Natasha and Sergei are an ordinary migrant family in the business of dealing with extraordinary circumstances. They are the Italian branch of Funeralia - a transnational Ukrainian company that took up a much-needed niche - returning deceased migrants back to Ukraine. In their family-like style, they call themselves “funeraltsi” – meaning the people of Funeralia. 
Natasha (45), a former ballet choreographer, quit her teaching career in Kyiv 8 years ago and came to help her husband in his then failing undertaking business. She takes up major hard work, washes and dresses the bodies, and prepares all paperwork, giving generous emotional support to families in each case. Sergei (58) says this job is too hard, he drives Natasha to their clients and transports the bodies. They live from month to month in a shared accommodation on the outskirts of Milan, and spend most days in their black minivan. They think of their job as a higher mission. They are always together and always alone: their work and their relationship is their home.
Natasha’s story cannot be separated from the stories of her clients who in Italy are mostly women, caretakers and cleaners. For them migration is a series of impossible emotional, financial and bureaucratic hurdles. Natasha often sings and laughs, but says it’s an impossible balancing act, it’s hard to emigrate, hard to work as a migrant, and dying as a migrant is just as hard. 
The 2022 war in Ukraine disrupted this balance for all these women in thousands of different ways.
As the war breaks out Natasha is sick-worried and unable to reach her disabled father stranded in the occupied territory.
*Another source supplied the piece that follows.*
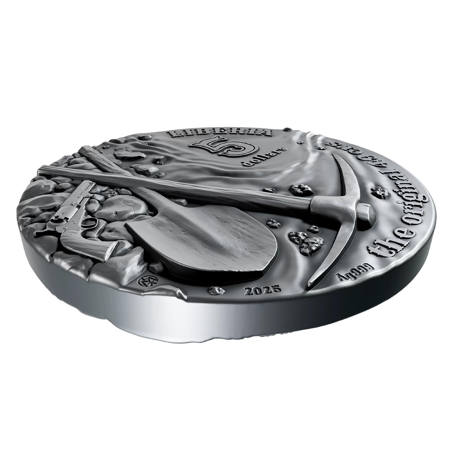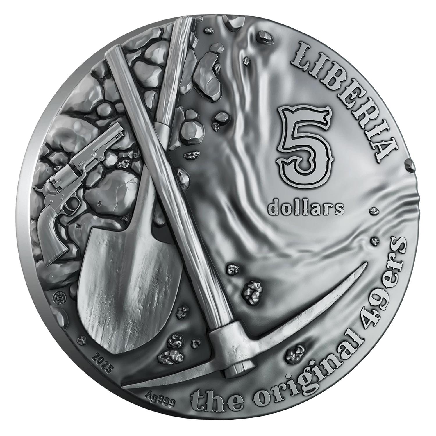 Bu Gümüş sikkenin arka yüzünde, nehrin kenarında altın arayan sakallı bir altın arayıcısı yer alıyor. Nehirden çıkardığı gerçek bir altın külçesi olan parıldayan bir altın külçesini tutarken yüzü zaferle aydınlanıyor. Arkadaki birkaç kişi, diğer altın arayıcısının başarısını ya alkışlıyor ya da üzülüyor. Engebeli dağlar ve el değmemiş vahşi doğa, dönemin yalın güzelliğini ve zorluklarını yansıtıyor. Arka yüzünde ayrıca "KALİFORNİYA ALTIN AKINI" - sikkenin adı - yazısı da yer alıyor. Bu sikkenin ön yüzünde, her altın arayıcısının kullandığı aletler yer alıyor: kayalık bir nehir yatağında çaprazlanmış bir kazma ve kürek. Engebeli arazide duran bir silah, bize altın akınlarının kanunsuz doğasını hatırlatıyor. Ön yüzünde ayrıca şu yazılar yer alıyor: "LİBERYA" - paranın basıldığı ülke, "5 DOLAR" - nominal değer, "2 OZ" - paranın ağırlığı, "Ag 999" - gümüşün saflığı ve "orijinal 49'lular" - Kaliforniya vahşi doğasında servet arayan korkusuz öncüleri anıyor.

They now spend their days collecting and sending donations, and helping others to move their families, arrive and settle in Italy. They also helped Sergei’s daughter (23) and ex wife flee from Kyiv, and now they all share their flat in Milan. The undertaking jobs are getting scarce and Natasha takes odd cleaning jobs to provide for the whole family. 
The war also spills into every repatriation job they now take. Each case is more personal and more difficult, catalysing ever more questions about the final place of rest as the ultimate home in times when it is torn by war and changed forever.